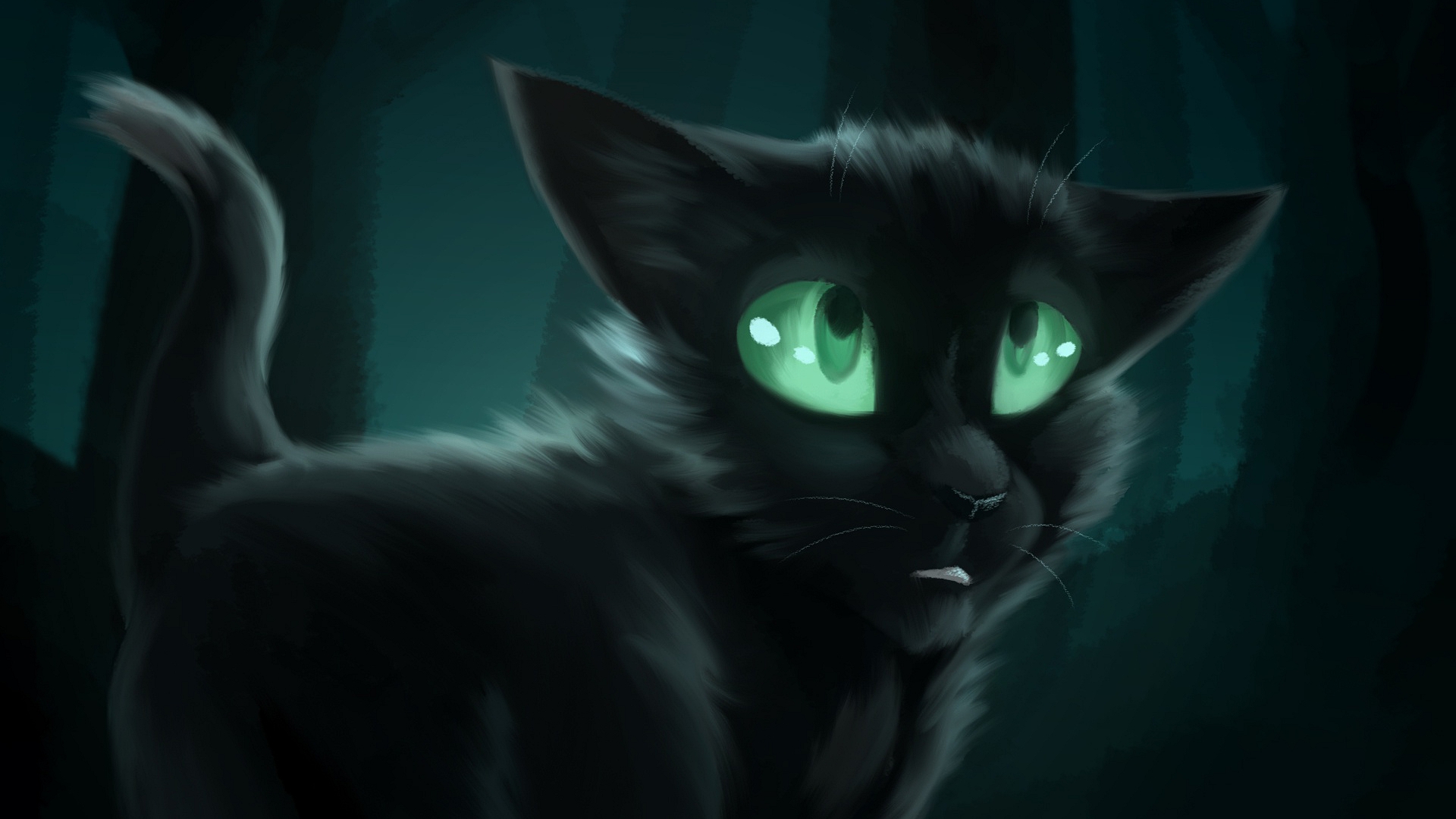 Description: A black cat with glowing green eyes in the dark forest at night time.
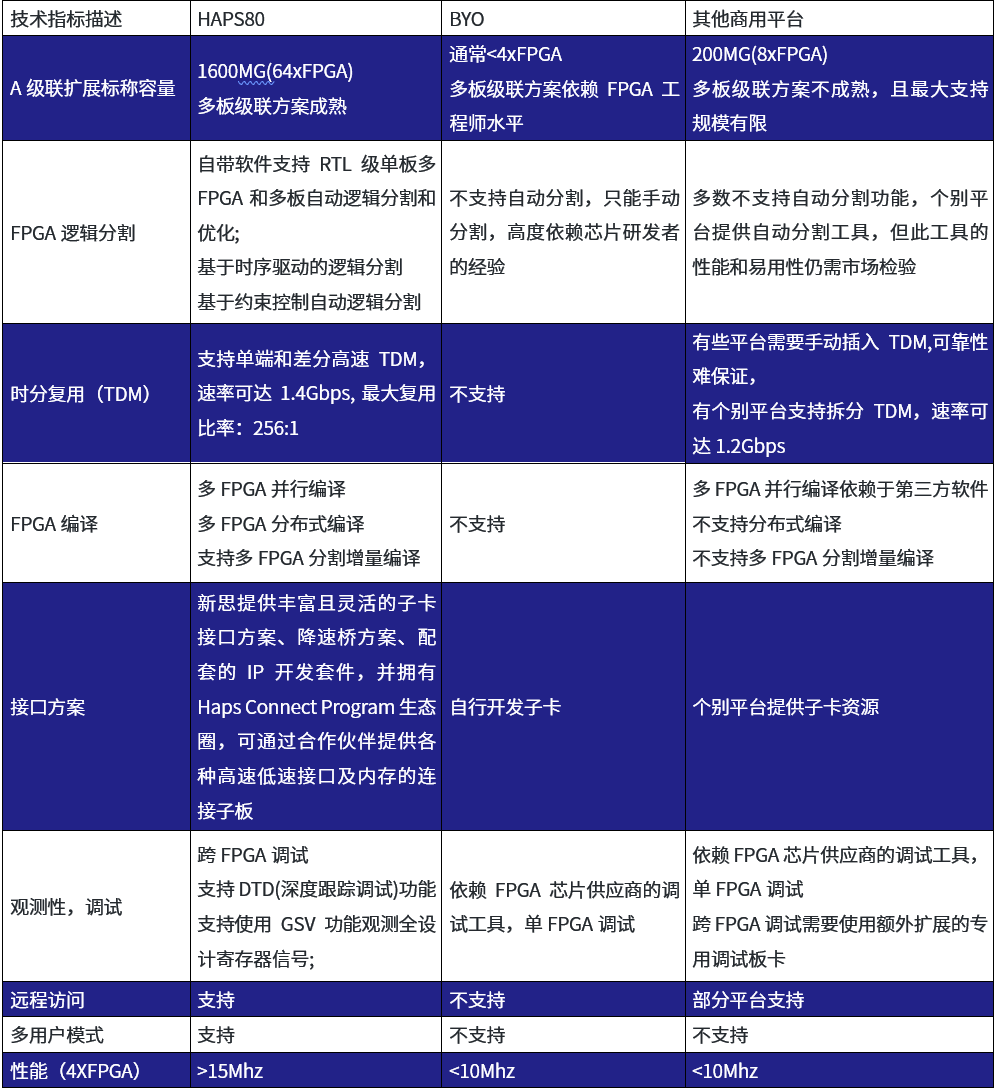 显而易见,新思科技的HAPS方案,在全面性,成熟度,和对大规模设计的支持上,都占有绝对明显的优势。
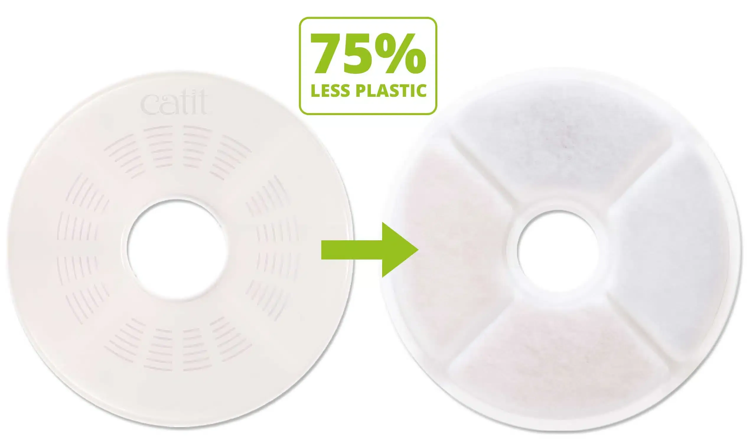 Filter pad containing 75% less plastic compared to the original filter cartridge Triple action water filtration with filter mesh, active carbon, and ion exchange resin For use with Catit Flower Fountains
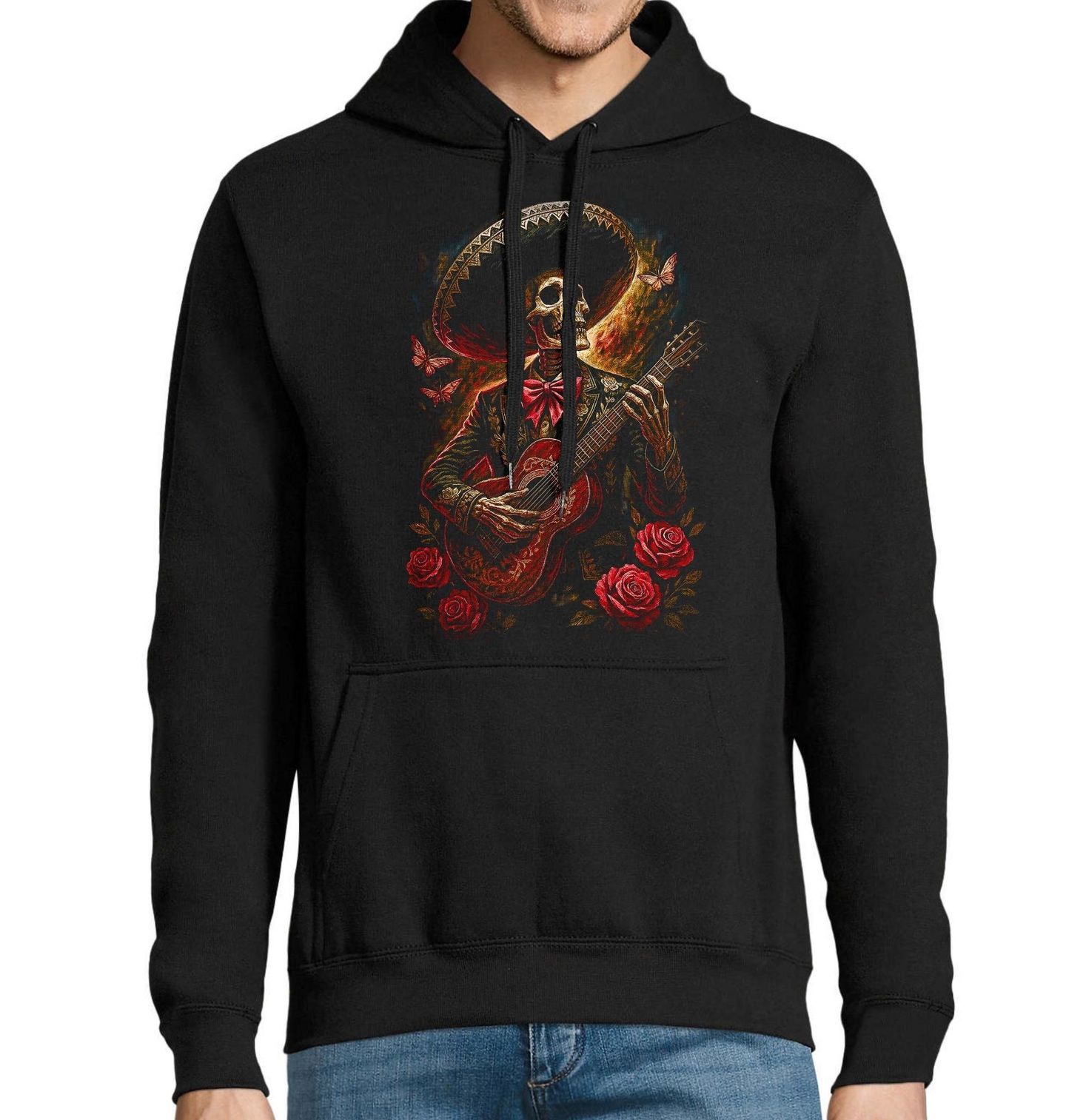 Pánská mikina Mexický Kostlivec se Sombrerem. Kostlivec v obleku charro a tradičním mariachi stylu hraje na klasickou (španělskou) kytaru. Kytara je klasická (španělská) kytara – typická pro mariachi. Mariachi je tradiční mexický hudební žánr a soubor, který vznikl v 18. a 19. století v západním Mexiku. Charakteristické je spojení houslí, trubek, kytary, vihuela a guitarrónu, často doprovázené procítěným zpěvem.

...

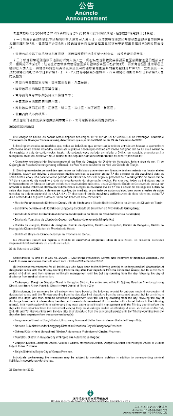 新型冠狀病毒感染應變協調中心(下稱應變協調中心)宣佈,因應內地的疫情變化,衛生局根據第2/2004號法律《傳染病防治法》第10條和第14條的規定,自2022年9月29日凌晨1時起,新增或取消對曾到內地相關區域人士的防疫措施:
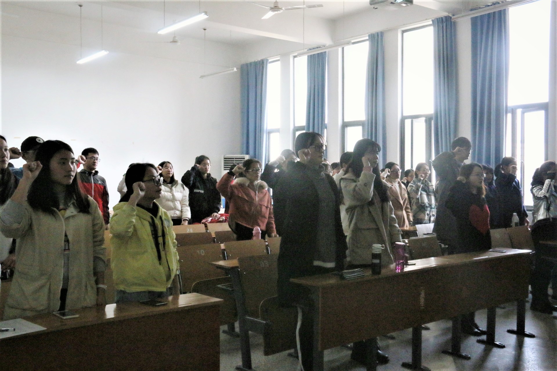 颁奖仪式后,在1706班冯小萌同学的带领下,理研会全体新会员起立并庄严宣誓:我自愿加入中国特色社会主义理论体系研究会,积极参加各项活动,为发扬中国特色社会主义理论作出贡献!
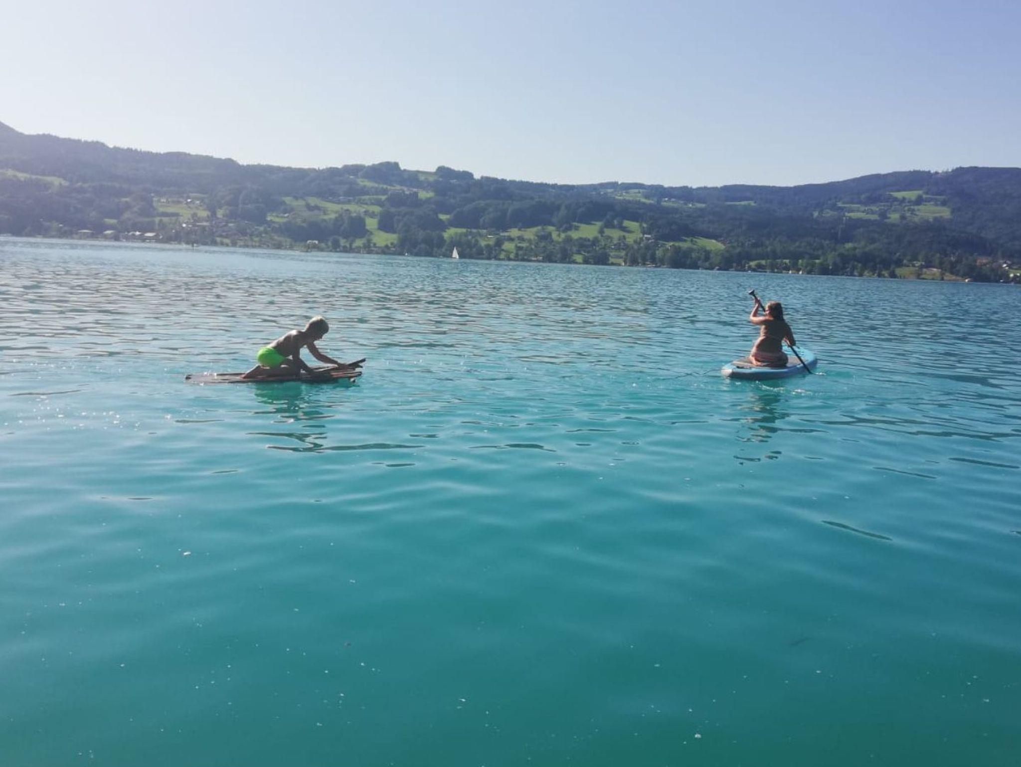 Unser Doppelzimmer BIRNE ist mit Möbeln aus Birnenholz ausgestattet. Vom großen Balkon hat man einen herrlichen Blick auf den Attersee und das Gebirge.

TRY IT
Your answer is the exact run of lines above from the one with "颁奖仪式后,在1706班冯小" through the one with "Unser Doppelzimmer BIRNE", both ends included, minus any picture.

TASK ANSWER
 颁奖仪式后,在1706班冯小萌同学的带领下,理研会全体新会员起立并庄严宣誓:我自愿加入中国特色社会主义理论体系研究会,积极参加各项活动,为发扬中国特色社会主义理论作出贡献!
 Unser Doppelzimmer BIRNE ist mit Möbeln aus Birnenholz ausgestattet. Vom großen Balkon hat man einen herrlichen Blick auf den Attersee und das Gebirge.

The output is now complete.